Beijing’s interference in Hong Kong and the, persecution of activists, politicians, academics and businessmen has awakened the solidarity of the international community. Victims of China’s actions in Hong Kong have received strong support in the United States, the United Kingdom, and Australia.
U.S. House of Representatives welcomes Hong Kong exiles
The House of Representatives voted in favor of the act promoted by Democrat Tom Malinowsk, which grants temporary status to the inhabitants of Hong Kong who don’t have another option other than the nationality of the People’s Republic of China. The bill provides Hong Kong’s businessmen, scientists and academics with an easy way out to escape the Communist threat.
The pillars of the act are to ensure that the U.S. continues to treat Hong Kong residents as distinct from China, provide expedited admission for the most qualified citizens, and expedite residency for Hong Kongers who have fled or found refuge in America, replicating the law used by George H.W. Bush to protect Chinese students in the country during the crackdown on Tiananmen.
The House voted in favor of “Temporary Protected Status” for a period of five years for Hong Kong citizens, giving them the right to work in the United States and not be subject to deportation.
The initiative, which has the support of all parties, must be approved by the Senate.
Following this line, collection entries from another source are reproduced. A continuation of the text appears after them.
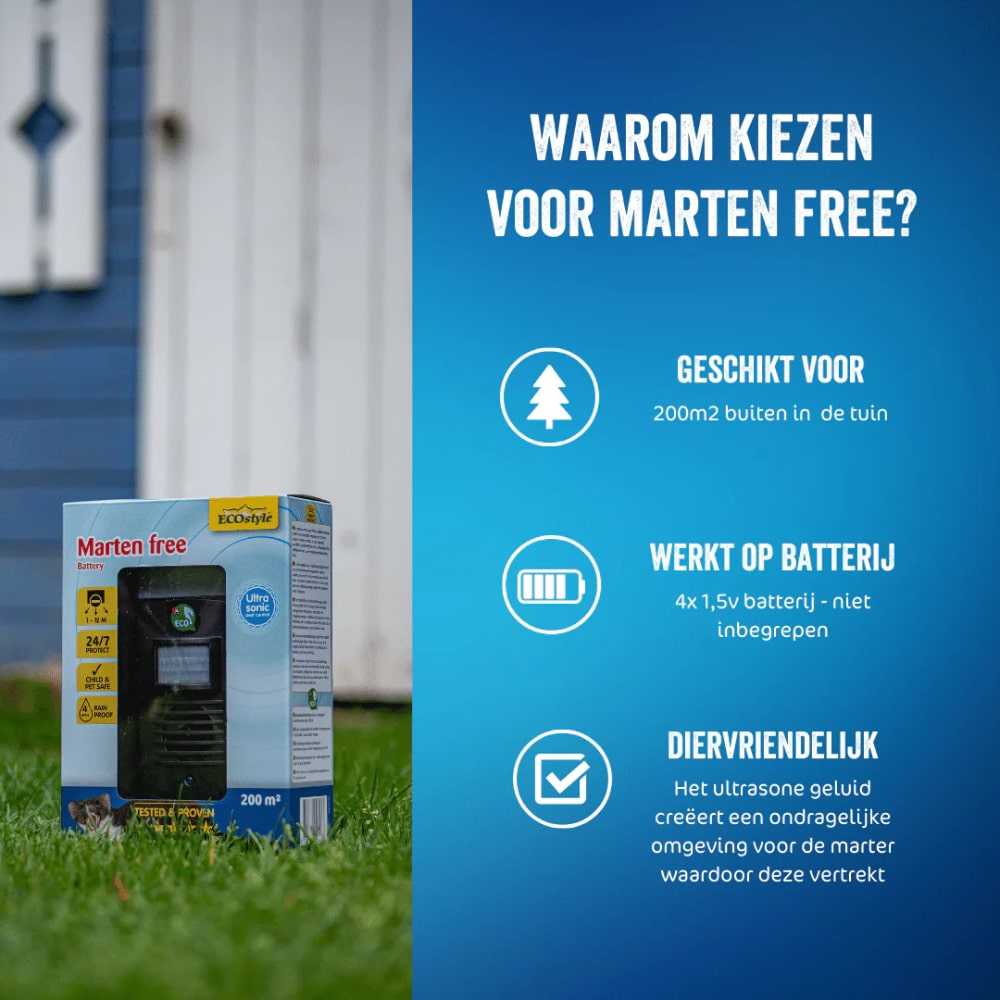 Marters diervriendelijk verjagen met ultrasoon geluid.
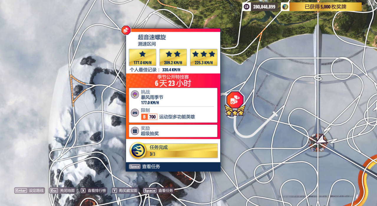 测速区间:环道,完成奖励为超级抽奖。(建议从左往右出发,末段有较长直道方便提速)
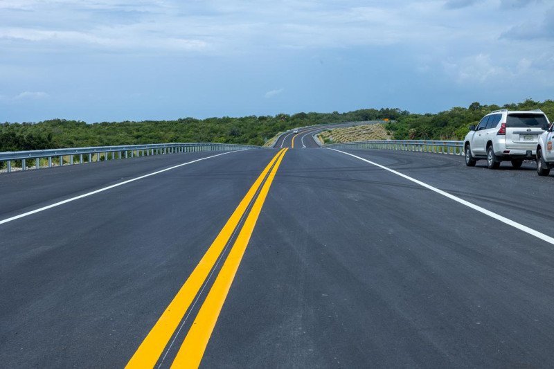 “Lo que sí, estará esta vía, es dotada de una buena señalización, tanto vertical, como horizontal”, dijo. Es bueno que ustedes sepan, argumentó Estrella, que esta es una obra que consta, además de los más de 20 kilómetros, entre la carretera y los ramales, tiene también 17 puentes. O sea, que es una obra de mucha envergadura, como se merece y esperaba esta zona”, afirmó.
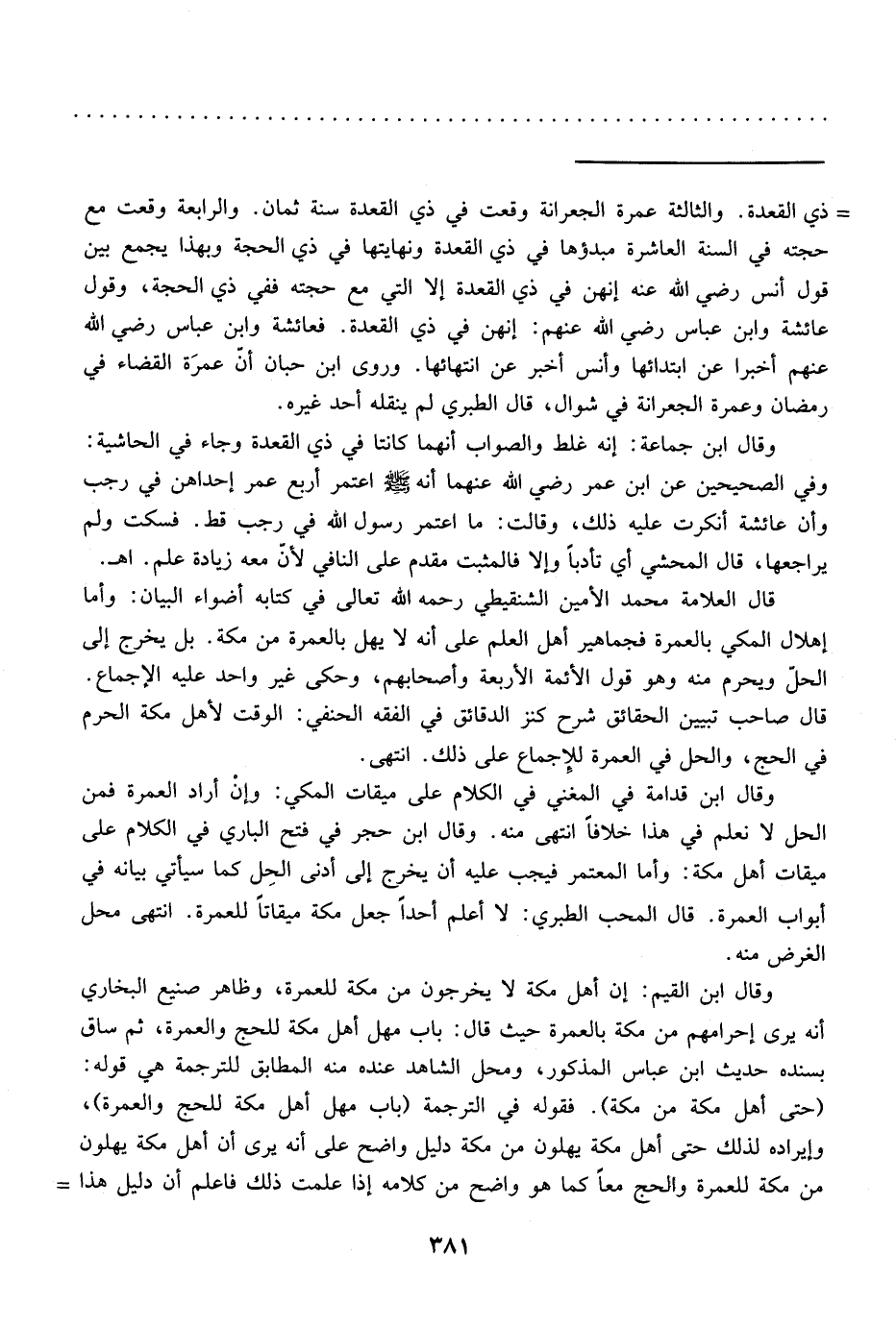 وقال ابن القيم: إن أهل مكة لا يخرجون من مكة للعمرة، وظاهر صنيع البخاري أنه يرى إحرامهم من مكة بالعمرة حيث قال: باب مهل أهل مكة للحج والعمرة، ثم ساق بسنده حديث ابن عباس المذكور، ومحل الشاهد عنده منه المطابق للترجمة هي قوله: (حتى أهل مكة من مكة). فقوله في الترجمة (باب مهل أهل مكة للحج والعمرة)، وإيراده لذلك حتى أهل مكة يهلون من مكة دليل واضح على أنه يرى أن أهل مكة يهلون من مكة للعمرة والحج معاً كما هو واضح من كلامه إذا علمت ذلك فاعلم أن دليل هذا =
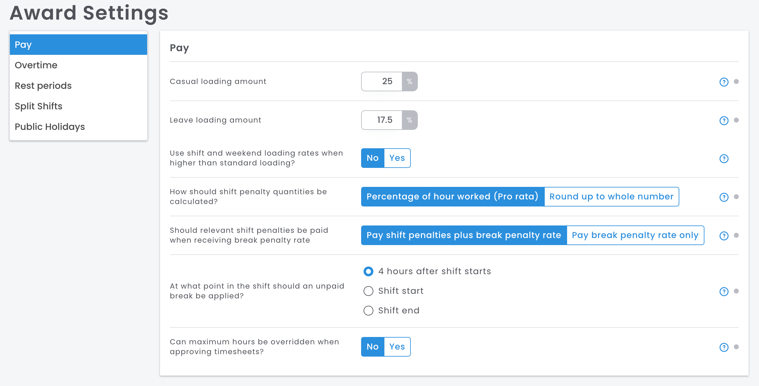 • Casual Loading - Casual Loading is the percentage used to calculate your casual employee's pay rates from the Base Rate. Across most modern awards, 25% is the standard loading. If your award uses a different percentage, this can be updated in the Award Settings.

In the past, Democrats have pushed a similar initiative to extend the status to Venezuelans, but it was blocked by President Donald Trump and the Republican Party.
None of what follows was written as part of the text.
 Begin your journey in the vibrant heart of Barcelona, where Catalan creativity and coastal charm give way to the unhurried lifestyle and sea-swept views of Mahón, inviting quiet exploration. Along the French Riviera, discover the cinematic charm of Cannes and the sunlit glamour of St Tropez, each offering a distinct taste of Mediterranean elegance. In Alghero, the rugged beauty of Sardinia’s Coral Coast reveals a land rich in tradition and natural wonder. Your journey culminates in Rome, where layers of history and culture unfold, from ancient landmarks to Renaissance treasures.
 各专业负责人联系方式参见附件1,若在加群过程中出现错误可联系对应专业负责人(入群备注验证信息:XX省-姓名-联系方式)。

British bill to prevent the government from making trade agreements with countries that have been condemned for genocide
British Parliamentarians have debated the trade bill that defines the UK’s post-Brexit trade relations. Lord Alton of Liverpool, Baroness Kennedy of The Shaws, Baroness Falkner of Margravine and Lord Forsyth of Drumlean introduced an amendment that would prohibit the UK from trading with countries that perpetrate genocide. The amendment received majority support by 287 to 161, and will go to the House of Commons for discussion, the press reported.
The UK government will have to decide again on its relations with China. The genocide amendment adds to the decision that the Boris Johnson Administration previously had to make regarding vetoing the development of the 5G network with the Chinese company Huawei, due to strong pressure from the United States.
British Minister Viscount Younger de Leckie said: “China is an important economic partner, trade with China is worth approximately £76,000 millon.” China is the UK’s fourth largest trading partner, and is also the sixth largest export market and the third largest import market, added Johnson’s minister.
However, the government confirmed that it has no plans to start negotiations on free trade agreements with China and is committed to supporting the victims of the Chinese Communist Party in Hong Kong.
The United Kingdom’s Passport Office issued more than 200,000 British national passports to Hong Kong citizens in the first 10 months of the year, a rate that amounted to about five per minute, according to Bloomberg News.
UK Foreign Secretary Dominic Raab expressed his support for the Australian government’s measures against aggressive actions by China. Australia and China are engaged in an unprecedented trade battle following strong allegations by the Australian government of human rights violations and press freedom.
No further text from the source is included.